Among the entries below, copy only the span from the line containing "These squares pair" through the line containing "NURTURING GREEN Mystique". Do so exactly, and skip the pictures.

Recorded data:

■ ■ ■ ■

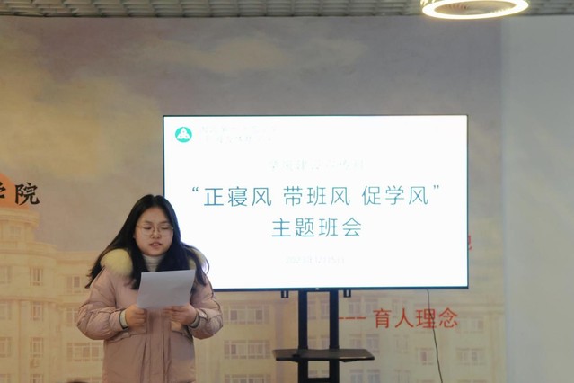 本网讯(通讯员吴梦谊)为了进一步加强学风建设,培育优良学风,优化育人环境,营造良好的学习氛围,12月5日中午,新闻与传播学院(以下简称“新传院”)在中区五栋宿舍楼新传书院开展“正寝风 带班风 促学风”主题班会。学工办主任孙蓓、辅导员邵鑫宇主持班会,新传院各班班长、学习委员和寝室长参加此次班会。
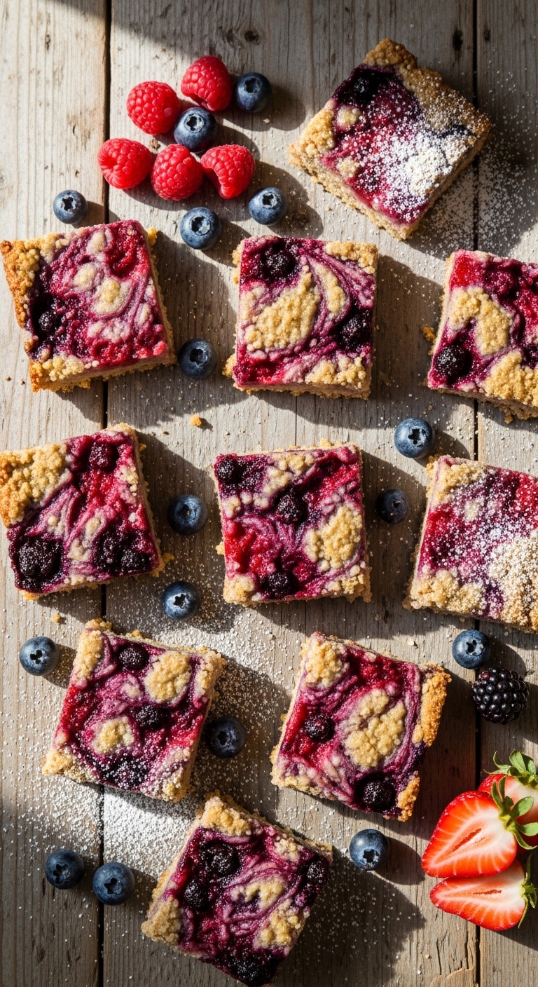 These squares pair hearty oats with tangy berry swirls. They’re chewy and slightly jammy, with protein powder folded into the base. Great for picnics, potlucks, or a fruity summer dessert. You’ll notice warm oat aroma and tart berry bursts.
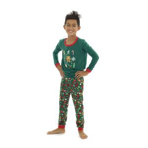 Get cozy for the holidays! This green and red long sleeve top for toddlers will have them drifting off to the most festive of dreams. It features a beary merry print of festive holiday icons on the front. Build-A-Bear Pajama Shop™ styles are available in adult, youth and toddler sizes, so the whole family can have fun matching in their PJs!
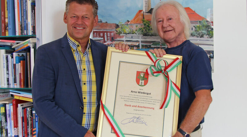 Der langjährige APA-Chefredakteur Arno Wiedergut hat von der Stadt Klagenfurt eine hohe Auszeichnung erhalten. Als Würdigung und Anerkennung seiner besonderen Verdienste und Leistungen im journalistischen Bereich überreichte ihm Bürgermeister Christian Scheider eine „Dank und Anerkennung“-Urkunde.
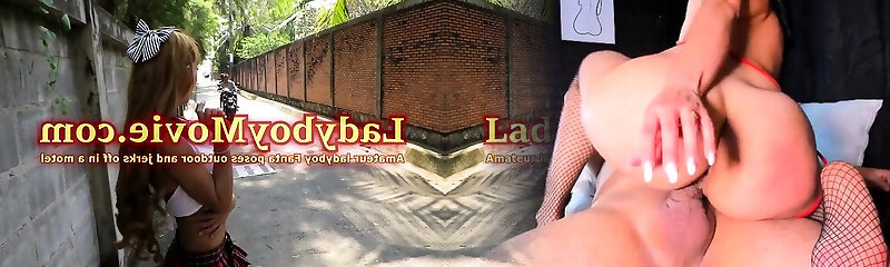 lace es genial en esta transexual en solitario masturbándose en la cama
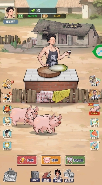 1、进入游戏后持续点击屏幕就能切菜喂猪,系统会自动产生养猪带来的收益。
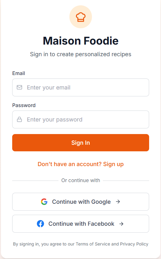 Click on "LET'S START" in the menu . You can sign up with either your Google account or your Facebook account. Alternatively, you can register with Maison Foodie and create your own account by clicking "Sign Up". Registering for a Maison Foodie account is required so that you can view past recipes that the Maison Foodie chef has created for you and to access other premium features (coming soon!).
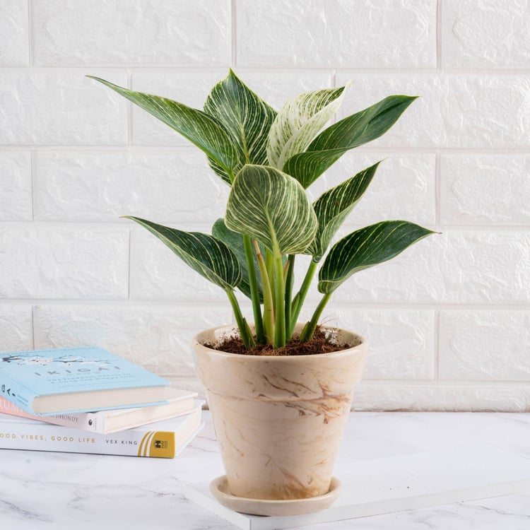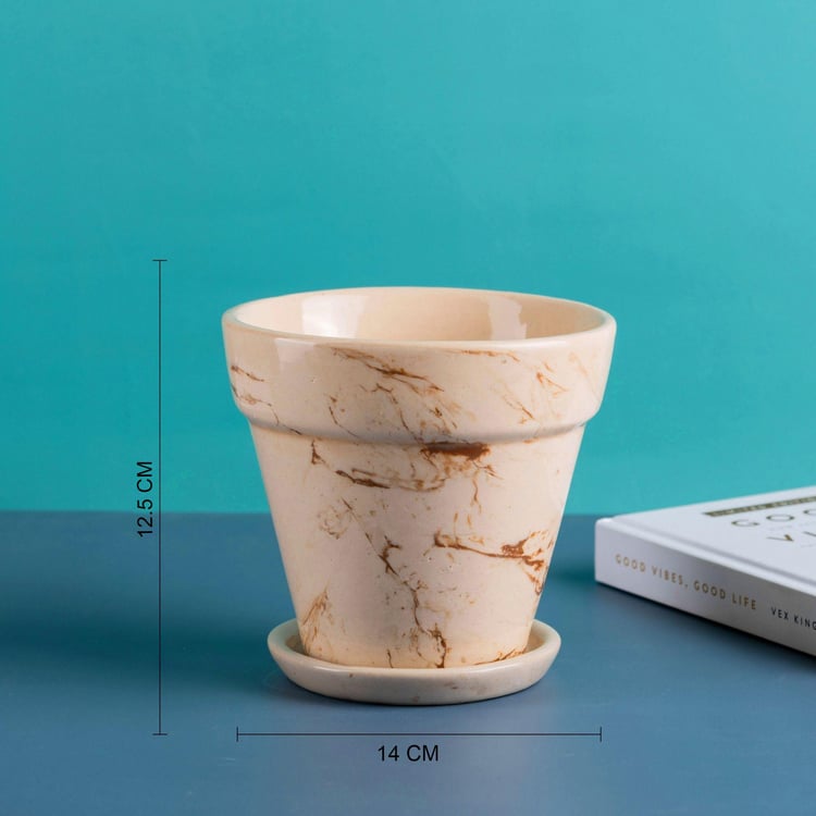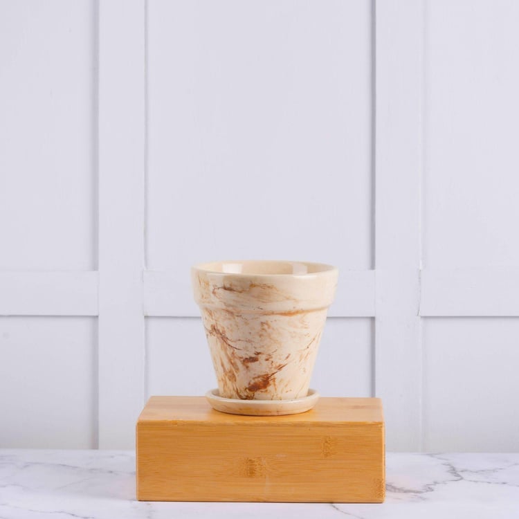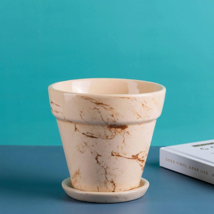 NURTURING GREEN Mystique Fusion Brown Printed Ceramic Floor Planter with Tray
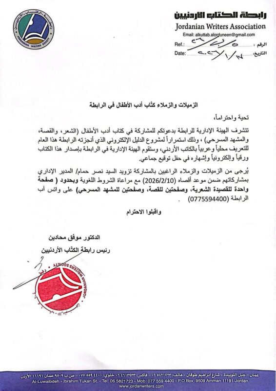 رئيس وأعضاء الهيئة الإدارية لرابطة الكتاب الأردنيين يتقدمون من الزميل الأستاذ مفلح العدوان (عضو الرابطة) بأجمل التهاني و...
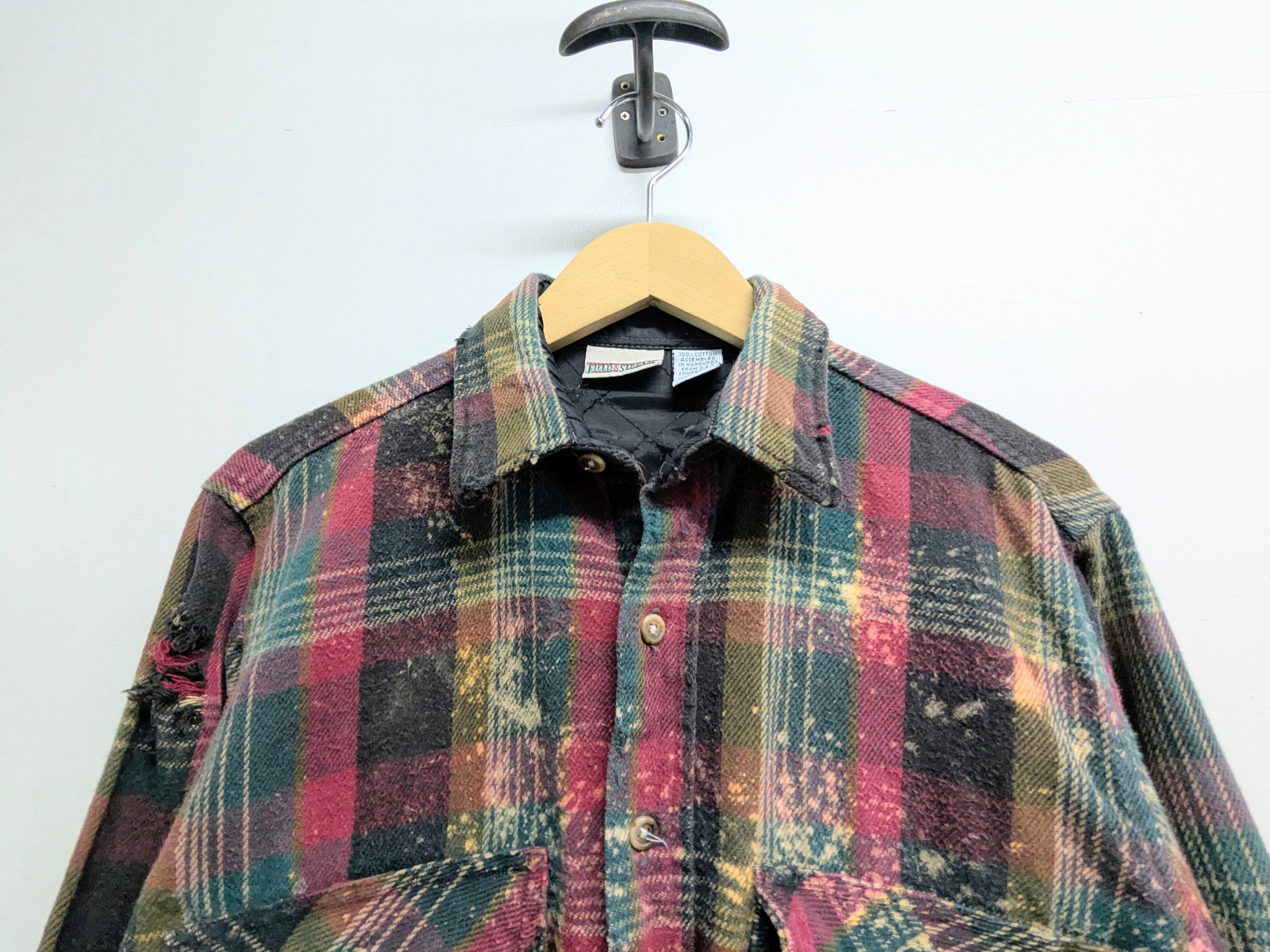 Faded Damage Boro Design Cutoff Heavy Flannel Shirt
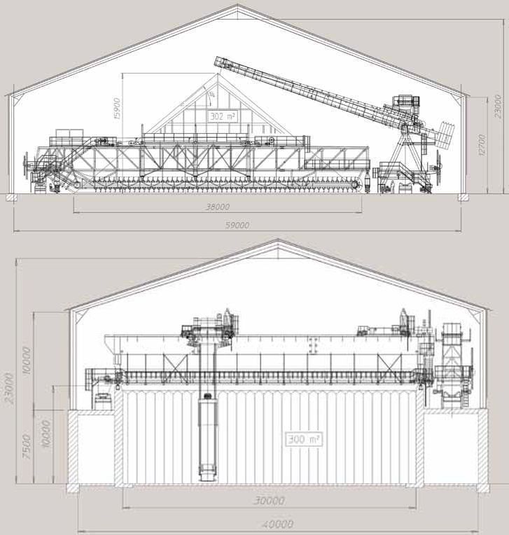 Considering that the covering sheds including roofing and cladding can have a weight of about 60/70 kg per m², the traditional storage shed will weigh about 1050-1100 t, whereas the BEL C system shed weight will be only about 50 % of that (500-550 t).
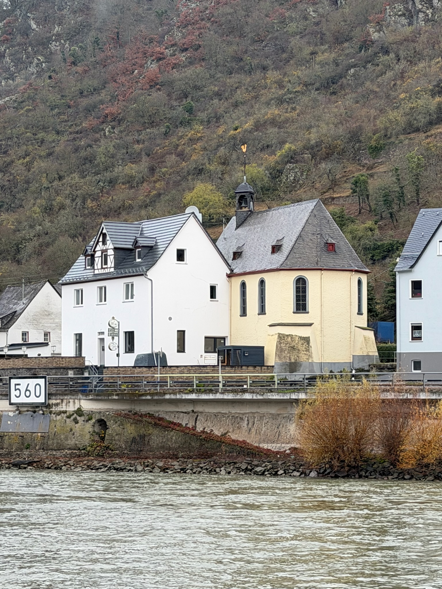 Sankt Goarshausen only has 13 houses! The white building is the bar that leads into the yellow church – and the bar is the only entry to the church! And the mayor is also the barkeep and preacher!
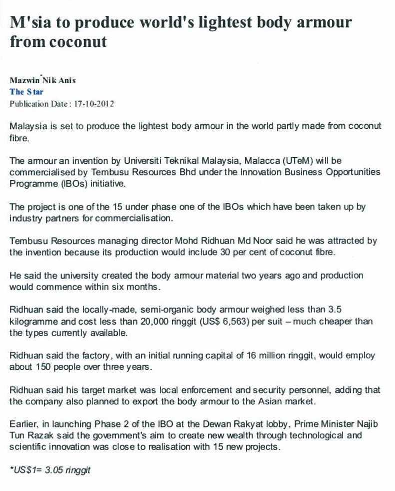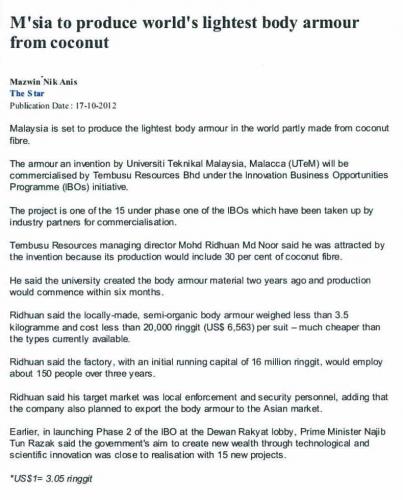 M'sia to produce world's lightest body armour from coconut
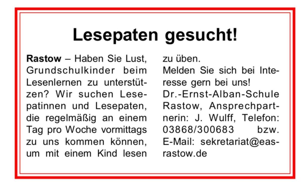 Den Staffelstab geben wir nun weiter an die Volkssolidarität Rastow sowie den Nahkauf Rastow.
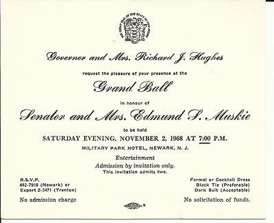 Title (ebay affiliate link): NJ GOVERNOR HUGHES INVITE TO GRAND BALL HONORING MUSKIE - NOV 2, 1968 in NEWARK
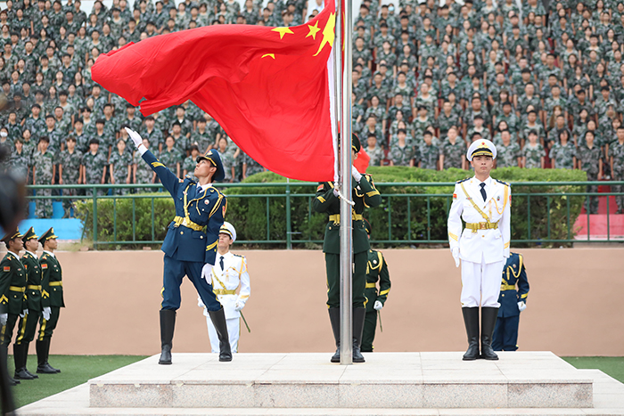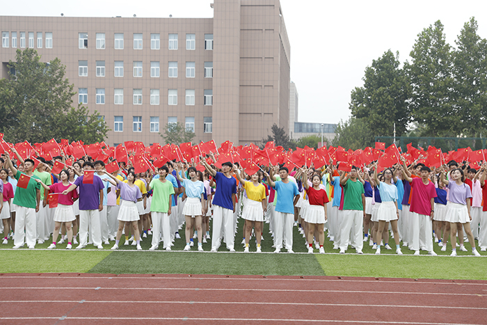 典礼最后,全场起立,万名师生挥舞手中的国旗,共同唱响《我和我的祖国》,表达对伟大祖国繁荣昌盛的美好祝愿,为2023级开学典礼画上圆满句号。
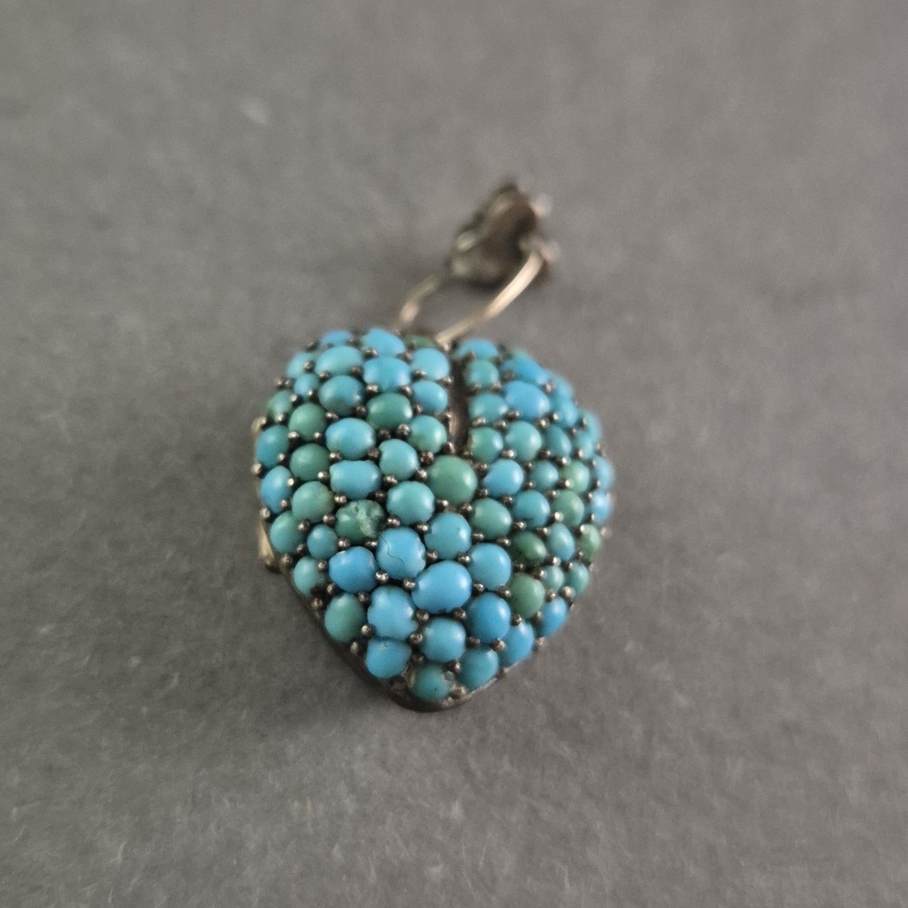 Vintage Medaillon in Herzform – Türkis besetzt mit antikem Charme
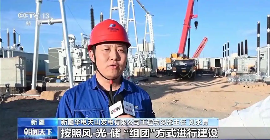 新疆華電天山發(fā)電有限公司工程物資部主任 劉永青:項(xiàng)目采用風(fēng)光同場(chǎng)布置,按風(fēng)-光-儲(chǔ)“組團(tuán)”方式建設(shè),同步建設(shè)8座220KV匯集站,是國(guó)內(nèi)首個(gè)“風(fēng)光火儲(chǔ)”一體化運(yùn)行控制新能源項(xiàng)目。
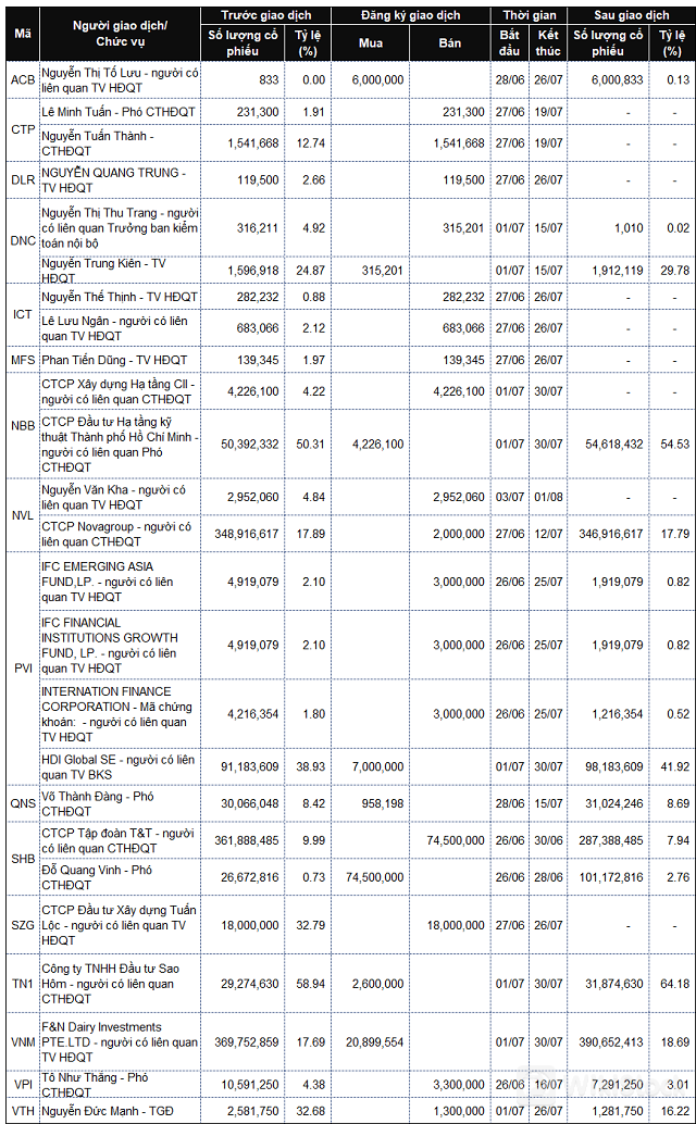 Danh sách lãnh đạo công ty và người thân giao dịch từ ngày 24-28/6/2024![]() |
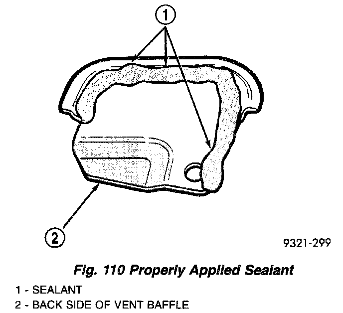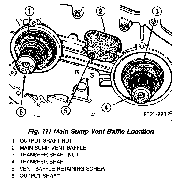 14. Apply Mopar Silicone Rubber Adhesive Sealant as shown in (Fig. 110). Install main sump baffle to transaxle case (Fig. 111) and torque screw to 5 Nm (45 in. lbs.).
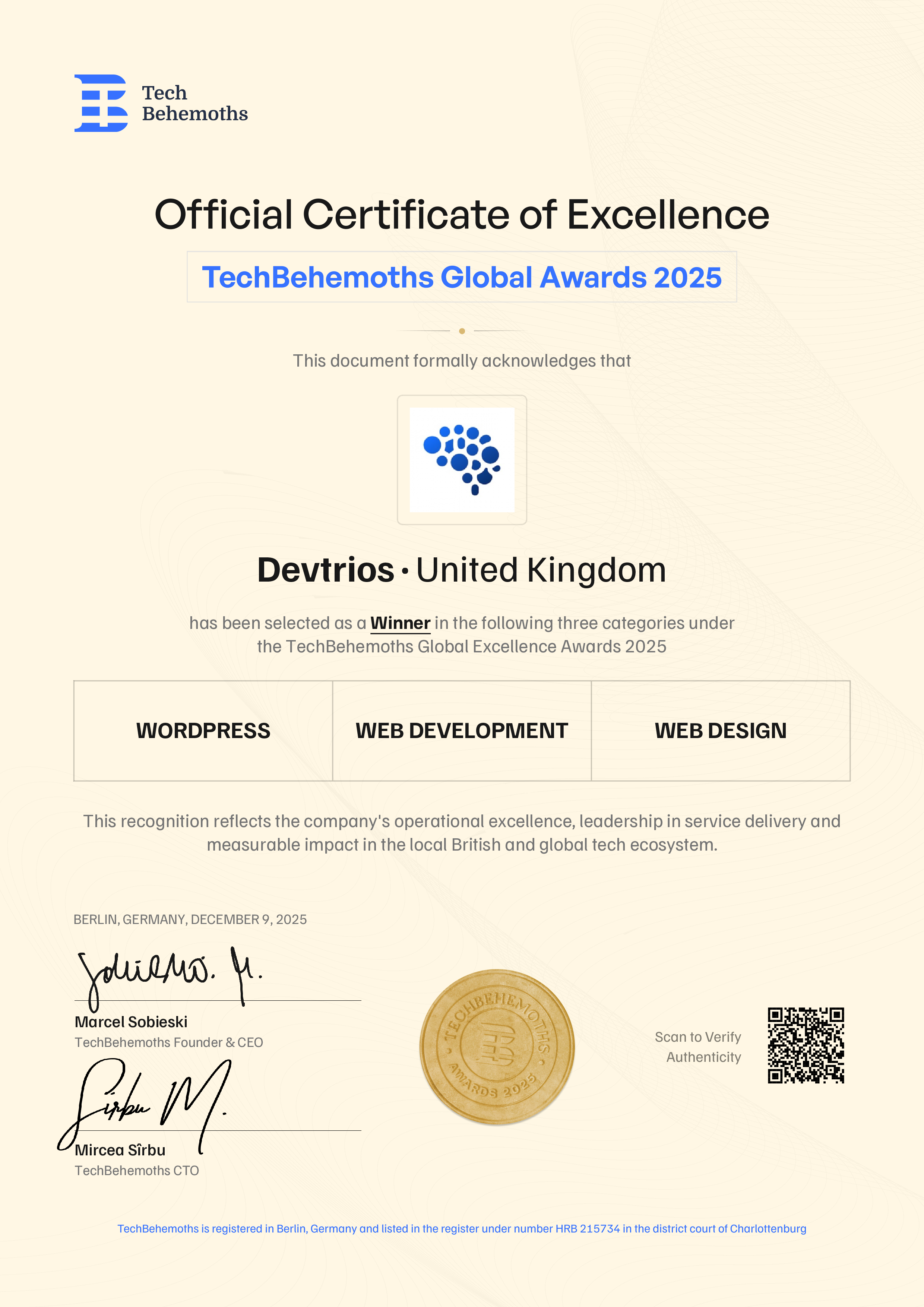 TechBehemoths officially certifies Devtrios' 2025 Award achievement across the following service categories in the United Kingdom:

■ ■ ■ ■

YOUR RESPONSE
 These squares pair hearty oats with tangy berry swirls. They’re chewy and slightly jammy, with protein powder folded into the base. Great for picnics, potlucks, or a fruity summer dessert. You’ll notice warm oat aroma and tart berry bursts.
 Get cozy for the holidays! This green and red long sleeve top for toddlers will have them drifting off to the most festive of dreams. It features a beary merry print of festive holiday icons on the front. Build-A-Bear Pajama Shop™ styles are available in adult, youth and toddler sizes, so the whole family can have fun matching in their PJs!
 Der langjährige APA-Chefredakteur Arno Wiedergut hat von der Stadt Klagenfurt eine hohe Auszeichnung erhalten. Als Würdigung und Anerkennung seiner besonderen Verdienste und Leistungen im journalistischen Bereich überreichte ihm Bürgermeister Christian Scheider eine „Dank und Anerkennung“-Urkunde.
 lace es genial en esta transexual en solitario masturbándose en la cama
 1、进入游戏后持续点击屏幕就能切菜喂猪,系统会自动产生养猪带来的收益。
 Click on "LET'S START" in the menu . You can sign up with either your Google account or your Facebook account. Alternatively, you can register with Maison Foodie and create your own account by clicking "Sign Up". Registering for a Maison Foodie account is required so that you can view past recipes that the Maison Foodie chef has created for you and to access other premium features (coming soon!).
 NURTURING GREEN Mystique Fusion Brown Printed Ceramic Floor Planter with Tray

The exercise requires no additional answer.